01. ¡Qué fácil era morirse para algunos! Bastaba con que viniera un tren malvado, y listo. ¡Y qué difícil era ir al cielo para mí! Todo el mundo me sujetaba las piernas y no me dejaban ir.
02. Abrió los ojos y miro a quien tenía a su lado, un anciano de cabellos blancos y rostro muy sereno, pensó que ese rostro daría un bello dibujo, porque el sol brillaba más en sus cabellos y creaba más luz en sus ojos cansados...
03. Si había lluvia, él se encogía más en su tristeza y no tenía deseos de hacer nada. Hasta parecía que la pereza se pegaba en la punta de cada dedo de su monotonía, y la hamaca – red del alma se armaba en los ganchos de la indiferencia.
04. El anciano volvió a hablar, pero pedro permanecía con los ojos cerrados. -También yo quiero mucho a esta plaza de la república. Sus palomas, sus árboles, los viejos plátanos que mueren día a día, sus criaturas. Y, sobre todo, el palacio japonés.
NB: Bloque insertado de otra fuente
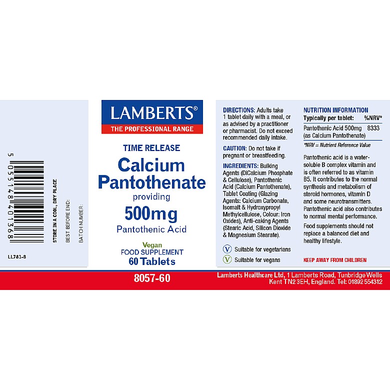 Calcium Pantothenate 500mg – Vitamin B5 (Pantothenic Acid) – 60 Time Release Tablets – Lamberts®
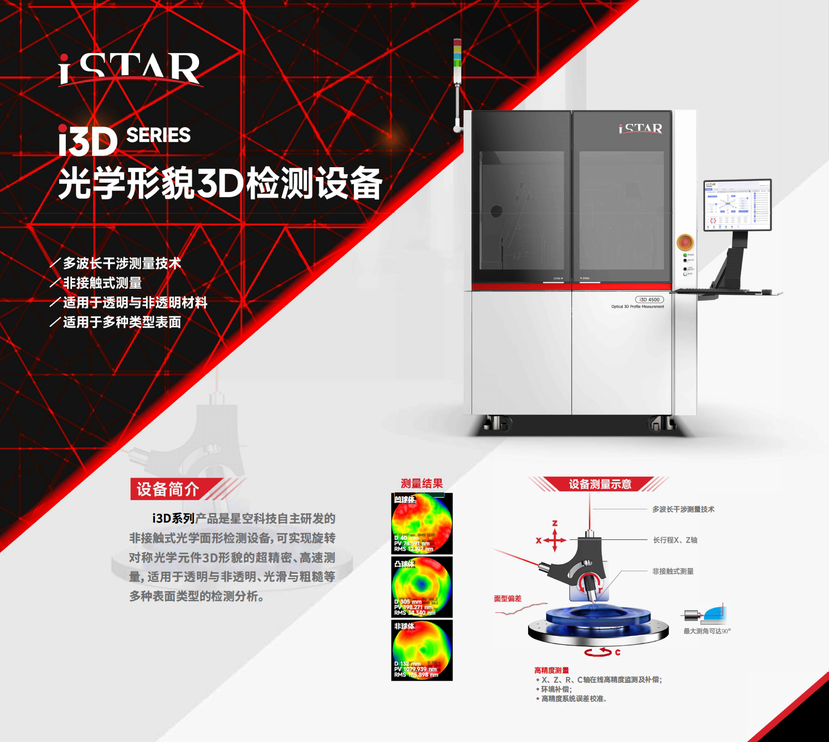 i3D系列产品是星空科技自主研发的非接触式光学面形检测设备, 可实现旋转对称光学元件3D形貌的超精密、高速测量, 适用千透明与非透明、光滑与粗糙等多种表面类型的检测分析。
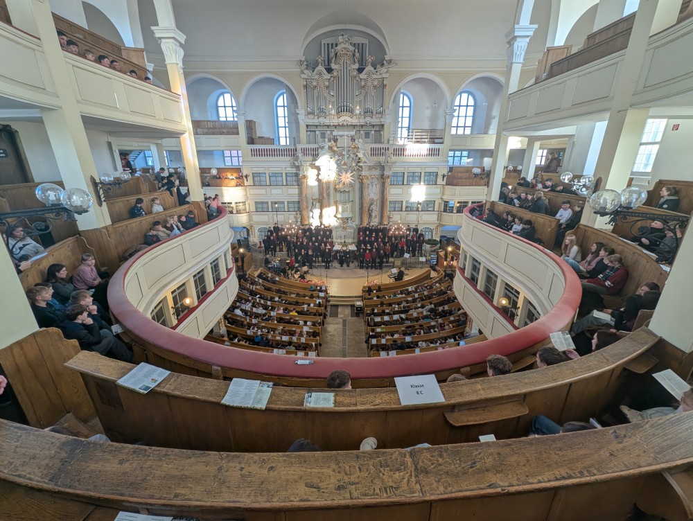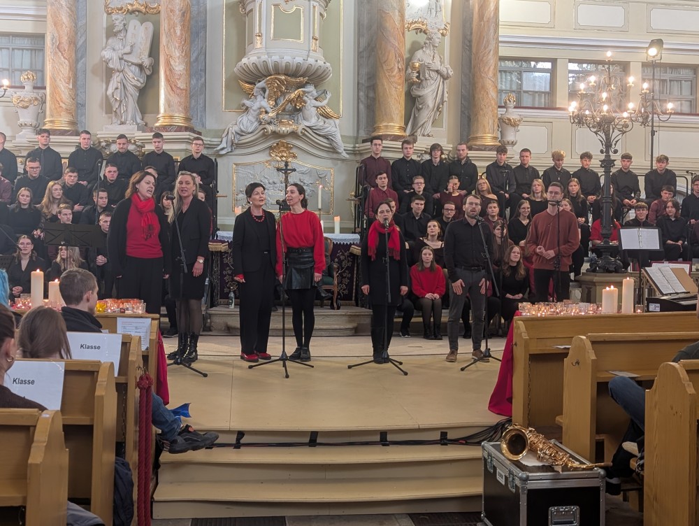 Nach intensiven Proben standen dann am Donnerstagabend die GK Musik der 11. und 12. Klassen sowie das Orchester Saitensprung vor dem festlich geschmückten Altar der Marienkirche und verzauberten die über tausend Besucher. Jeder Solist wuchs über sich hinaus und gab sein Bestes.

05. ¿No cree en los motivos, en la inspiración? -En verdad, ni en mí mismo creo. Parece que no deseara nada más. Que hubiera llegado al punto máximo sin realizar nada, a no ser...- ¿Qué? -Haber alcanzado el límite de la mediocridad... Solamente eso.
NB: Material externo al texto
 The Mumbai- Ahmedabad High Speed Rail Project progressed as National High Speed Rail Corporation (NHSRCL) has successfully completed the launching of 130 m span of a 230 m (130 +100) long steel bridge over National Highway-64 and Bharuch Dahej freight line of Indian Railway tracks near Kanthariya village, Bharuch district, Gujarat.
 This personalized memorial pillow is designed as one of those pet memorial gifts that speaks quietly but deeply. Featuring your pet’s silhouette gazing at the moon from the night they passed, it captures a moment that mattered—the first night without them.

06. ¿Qué edad tienes, Tetsuo? Tu sabiduría me confunde. -Ocho años, a pesar de que mi fragilidad me hace aparentar menos, ¿No? Pero no importa: la verdad es que tengo ochenta, ochocientos, quizá más de ocho mil años; Es decir, la misma edad del primer hombre.
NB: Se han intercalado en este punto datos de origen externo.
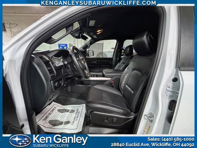 Ram 1500 Rebel 2022 Bright White Clearcoat Newly Detailed, 2nd Row In Floor Storage Bins, 3.92 Rear Axle Ratio, 4 Way Front Headrests, 4-Wheel Disc Brakes, 48V Belt Starter Generator, 4G LTE Wi-Fi Hot Spot, 6 Speakers, 9 Amplified Speakers w/Subwoofer, ABS brakes, Air Conditioning, Alloy wheels, AM/FM radio: SiriusXM, Apple CarPlay, Auto-Dimming Exterior Driver Mirror, Auto-dimming Rear-View mirror, Black Exterior Mirrors, Brake assist, Bucket Seats, Cloth/Vinyl Low Back Bucket Seats, Comfort/Convenience Group, Compass, Convex Wide-Angle Mirror Insert, Delay-off headlights, Driver door bin, Dual front impact airbags, Dual front side impact airbags, Electronic Stability Control, Emergency communication system: SiriusXM Guardian, Exterior Mirrors Courtesy Lamps, Exterior Mirrors w/Heating Element, Exterior Mirrors w/Supplemental Signals, Foam Bottle Insert (Door Trim Panel), For Details, Visit DriveUconnect.com, Front anti-roll bar, Front Bucket Seats, Front Center Armrest w/Storage, Front fog lights, Front License Plate Bracket, Front reading lights, Front Seat Back Map Pockets, Front wheel independent suspension, Full Length Upgraded Floor Console, Fully automatic headlights, Global Telematics Box Module (TBM), GPS Antenna Input, Grille Surround 2 Black Texture 3 Black, Heated door mirrors, Heated Front Seats, Heated Second Row Seats, Heated Steering Wheel, Illuminated entry, Integrated Voice Command w/Bluetooth®, Leather steering wheel, Low tire pressure warning, Night Edition, Occupant sensing airbag, Outside temperature display, Overhead airbag, Overhead console, Panic alarm, ParkView Rear Back-Up Camera, Passenger door bin, Passenger vanity mirror, Power 2-Way Driver Lumbar Adjust, Power 8-Way Driver & Passenger Seats, Power Adjustable Pedals, Power door mirrors, Power driver seat, Power steering, Power windows, Power-Folding Mirrors, Quick Order Package 27W Rebel, Radio data system, Radio: Uconnect 3 w/5 Display, Radio: Uconnect 5 W w/8.4 Display, RAM Grille Badge - Black, Rear 60/40 Folding Seat, Rear anti-roll bar, Rear Dome w/On/Off Switch Lamp, Rear seat center armrest, Rear step bumper, Rebel Level 1 Equipment Group, Remote keyless entry, Remote Start System, Remote Tailgate Release, SiriusXM Satellite Radio, Speed control, Split folding rear seat, Steering wheel mounted audio controls, Sun Visors w/Illuminated Vanity Mirrors, Tachometer, Telescoping steering wheel, Tilt steering wheel, Traction control, Trip computer, Twill Film Appliques, Universal Garage Door Opener, USB Host Flip, Variably intermittent wipers, Voltmeter, Wheels: 18 x 8.0 Gloss Black, Wheels: 18 x 8.0 Painted Mid-Gloss Black, Wireless Charging Pad. CARFAX One-Owner. Clean CARFAX.
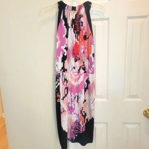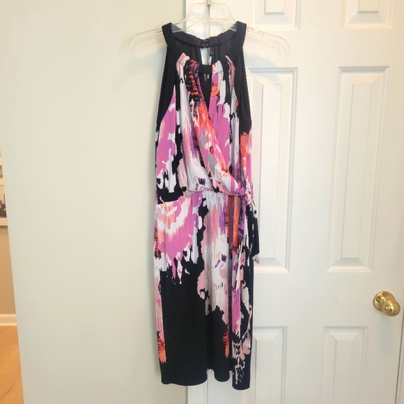 This dress features a vibrant multicolor design, perfect for any occasion. The dress combines shades of pink, purple, and black for a striking look.
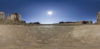 360 - turn view of the desert area with a large rock formation in front of a bright sunlit sky

07. La casa se fue vistiendo de silencio, como si la muerte tuviese pasos de seda. No hacían ruido. Todo el mundo hablaba en voz baja. Mamá se quedaba casi toda la noche cerca de mí. Pero yo no me olvidaba de él. De sus carcajadas. De su diferente pronunciación. Hasta los gritos de los grillos, allá fuera, imitaban el trac, trac de su barba. No podía dejar de pensar en él. Ahora ya sabía lo que era el dolor. Dolor no de recibir golpes hasta desmayarse. No de cortarse el pie con un pedazo de vidrio y recibir puntos en la farmacia. Dolor era eso que llenaba todo el corazón, con lo que la gente tenía que morirse, sin poder contarle a nadie el secreto. Dolor era lo que me daba esa debilidad en los brazos, en la cabeza, hasta en el deseo de dar vuelta la cabeza en la almohada.